A urgência de uma estratégia nacional estruturada para transformar o país em um protagonista da revolução quântica global.

 

Introdução

A Organização das Nações Unidas (ONU) declarou 2025 como o Ano da Ciência e das Tecnologias Quânticas, em celebração ao centenário de um artigo científico revolucionário do físico alemão Werner Heisenberg. Publicado em 1925, este trabalho deu início a uma nova era na mecânica quântica, cujos efeitos moldaram e continuam influenciando a ciência e a tecnologia até hoje. O objetivo do Ano da Quântica é aumentar a conscientização entre o público e os tomadores de decisão sobre os impactos científicos, tecnológicos, culturais, éticos e socioeconômicos que a atual revolução quântica pode trazer em um futuro próximo. Neste artigo, exploraremos as fascinantes facetas da ciência quântica e os seus desafios.

 

A Primeira Revolução Quântica

No início do século 20, à medida que os cientistas se aprofundavam no mundo microscópico da matéria, ficou evidente que as teorias físicas vigentes eram inadequadas para descrever o que era observado. Em 1900, o físico alemão Max Planck fez uma descoberta que mudaria a história da ciência: a radiação emitida por corpos aquecidos só podia ser explicada se a troca de energia entre matéria e luz ocorresse em pacotes discretos, denominados “quanta”. Apesar de inicialmente considerar essa ideia um “ato de desespero”, Planck havia semeado o conceito central que daria origem à mecânica quântica, a teoria física mais precisa e bem-sucedida já desenvolvida. (Figura 1)

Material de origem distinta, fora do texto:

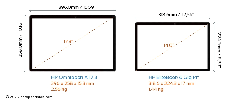 Thunderbolt Omnibook X 17.3 está equipado con un puerto Thunderbolt 4. EliteBook 6 G1q 14" no tiene puerto Thunderbolt.

Figura 1. Físico alemão Max Planck mudou história da ciência com a descoberta da lei que rege a chamada radiação de corpo negro o primeiro passo no desenvolvimento da teoria quântica.
(Fonte: German Federal Archive/ Wikimedia. Reprodução)

 

A mecânica quântica permite prever e explicar as propriedades de partículas fundamentais, como elétrons e fótons, e o comportamento de átomos, moléculas e materiais. Além disso, ela desempenha um papel crucial no estudo de fenômenos astrofísicos, como a estrutura das estrelas, buracos negros e até mesmo a origem e evolução do universo.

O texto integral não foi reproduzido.